*** Opening of Provided information ***

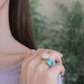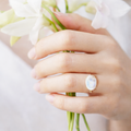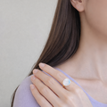 大粒のレインボームーンストーンを大胆にあしらったシンプルリング。
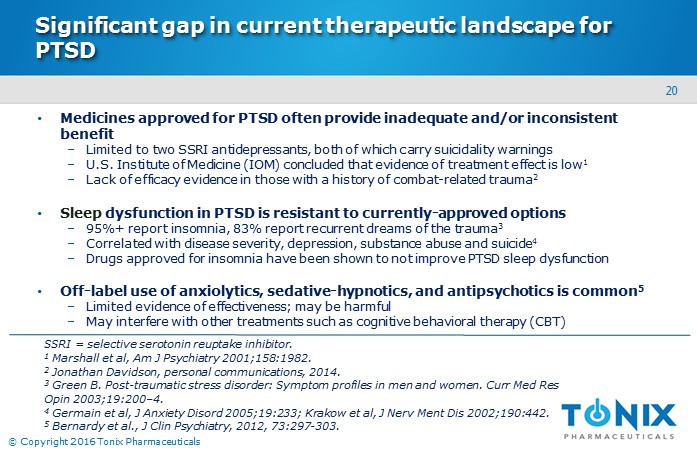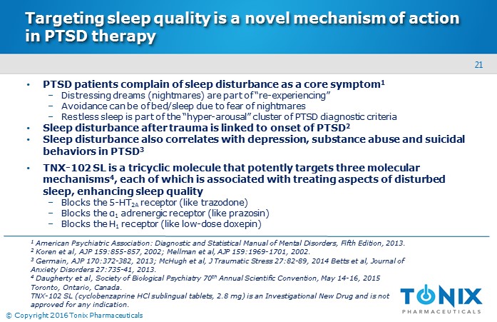 20 © Copyright 2016 Tonix Pharmaceuticals Significant gap in current therapeutic landscape for PTSD • M edicines approved for PTSD often provide inadequate and/or inconsistent benefit ‒ Limited to two SSRI antidepressants, both of which carry suicidality warnings ‒ U.S. Institute of Medicine (IOM) concluded that evidence of treatment effect is low 1 ‒ Lack of efficacy evidence in those with a history of combat - related trauma 2 • Sleep dysfunction in PTSD is resistant to currently - approved options ‒ 95 %+ report insomnia, 83% report recurrent dreams of the trauma 3 ‒ Correlated with disease severity, depression, substance abuse and suicide 4 ‒ Drugs approved for insomnia have been shown to not improve PTSD sleep dysfunction • Off - label use of anxiolytics, sedative - hypnotics, and antipsychotics is common 5 ‒ L imited evidence of effectiveness; may be harmful ‒ M ay interfere with other treatments such as cognitive behavioral therapy (CBT) SSRI = selective serotonin reuptake inhibitor. 1 Marshall et al, Am J Psychiatry 2001;158:1982. 2 Jonathan Davidson, personal communications, 2014. 3 Green B. Post - traumatic stress disorder: Symptom profiles in men and women. Curr Med Res Opin 2003;19:200 – 4 . 4 Germain et al, J Anxiety Disord 2005;19:233; Krakow et al, J Nerv Ment Dis 2002;190:442. 5 Bernardy et al., J Clin Psychiatry, 2012, 73:297 - 303.
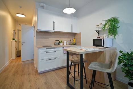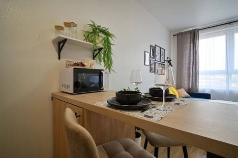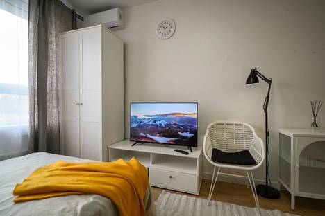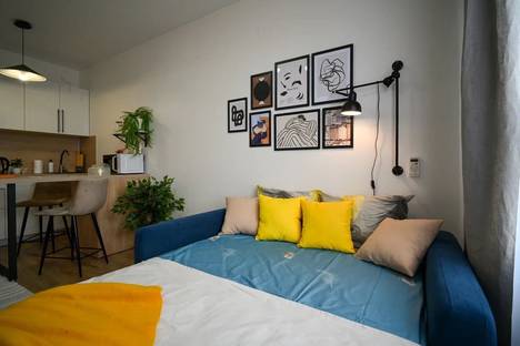 Прекрасная студия с дизайнерским ремонтом идеально подойдёт для отдыха и командировки. Абсолютно всё новое к Вашим услугам- ремонт, мебель, техника, посуда. Кондиционер и посудомоечная машина!
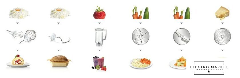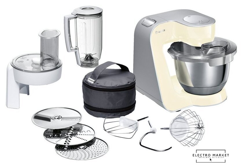 | Функции | блендер, взбивание, смешивание, замешивание дрожжевого теста, терка, шинковка, ломтерезка |
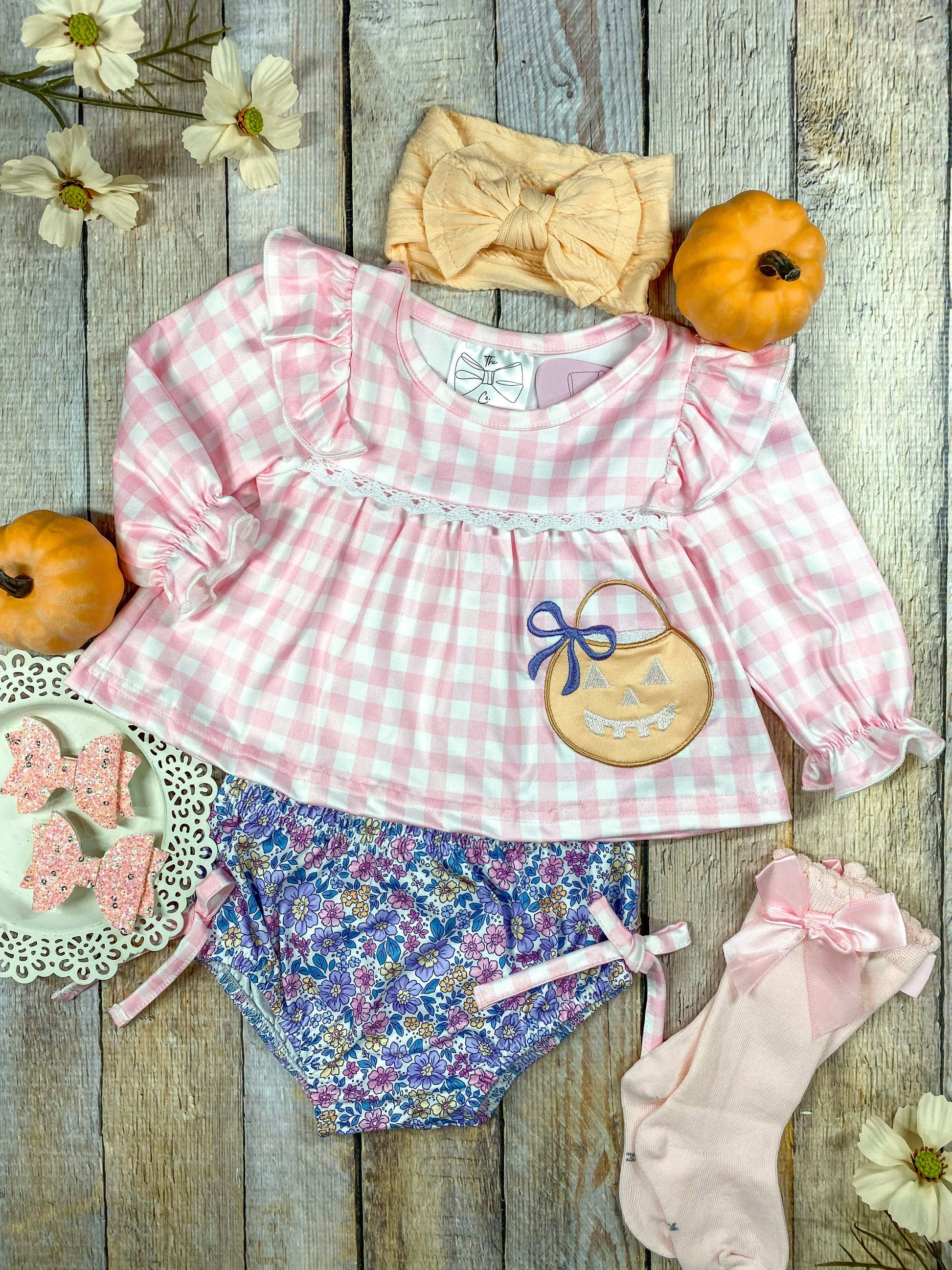 Dress your little one in festive fun with the Trick or Treat Gingham & Floral Infant Romper! Featuring a charming mix of classic gingham and delicate floral patterns, this romper is perfect for Halloween. Soft, comfortable fabric ensures your baby stays cozy while looking adorable!

*** Close of Provided information ***

Task description:
Could you return the whole listing exactly, images excluded?

Task solution:
 大粒のレインボームーンストーンを大胆にあしらったシンプルリング。
 20 © Copyright 2016 Tonix Pharmaceuticals Significant gap in current therapeutic landscape for PTSD • M edicines approved for PTSD often provide inadequate and/or inconsistent benefit ‒ Limited to two SSRI antidepressants, both of which carry suicidality warnings ‒ U.S. Institute of Medicine (IOM) concluded that evidence of treatment effect is low 1 ‒ Lack of efficacy evidence in those with a history of combat - related trauma 2 • Sleep dysfunction in PTSD is resistant to currently - approved options ‒ 95 %+ report insomnia, 83% report recurrent dreams of the trauma 3 ‒ Correlated with disease severity, depression, substance abuse and suicide 4 ‒ Drugs approved for insomnia have been shown to not improve PTSD sleep dysfunction • Off - label use of anxiolytics, sedative - hypnotics, and antipsychotics is common 5 ‒ L imited evidence of effectiveness; may be harmful ‒ M ay interfere with other treatments such as cognitive behavioral therapy (CBT) SSRI = selective serotonin reuptake inhibitor. 1 Marshall et al, Am J Psychiatry 2001;158:1982. 2 Jonathan Davidson, personal communications, 2014. 3 Green B. Post - traumatic stress disorder: Symptom profiles in men and women. Curr Med Res Opin 2003;19:200 – 4 . 4 Germain et al, J Anxiety Disord 2005;19:233; Krakow et al, J Nerv Ment Dis 2002;190:442. 5 Bernardy et al., J Clin Psychiatry, 2012, 73:297 - 303.
 Прекрасная студия с дизайнерским ремонтом идеально подойдёт для отдыха и командировки. Абсолютно всё новое к Вашим услугам- ремонт, мебель, техника, посуда. Кондиционер и посудомоечная машина!
 | Функции | блендер, взбивание, смешивание, замешивание дрожжевого теста, терка, шинковка, ломтерезка |
 Dress your little one in festive fun with the Trick or Treat Gingham & Floral Infant Romper! Featuring a charming mix of classic gingham and delicate floral patterns, this romper is perfect for Halloween. Soft, comfortable fabric ensures your baby stays cozy while looking adorable!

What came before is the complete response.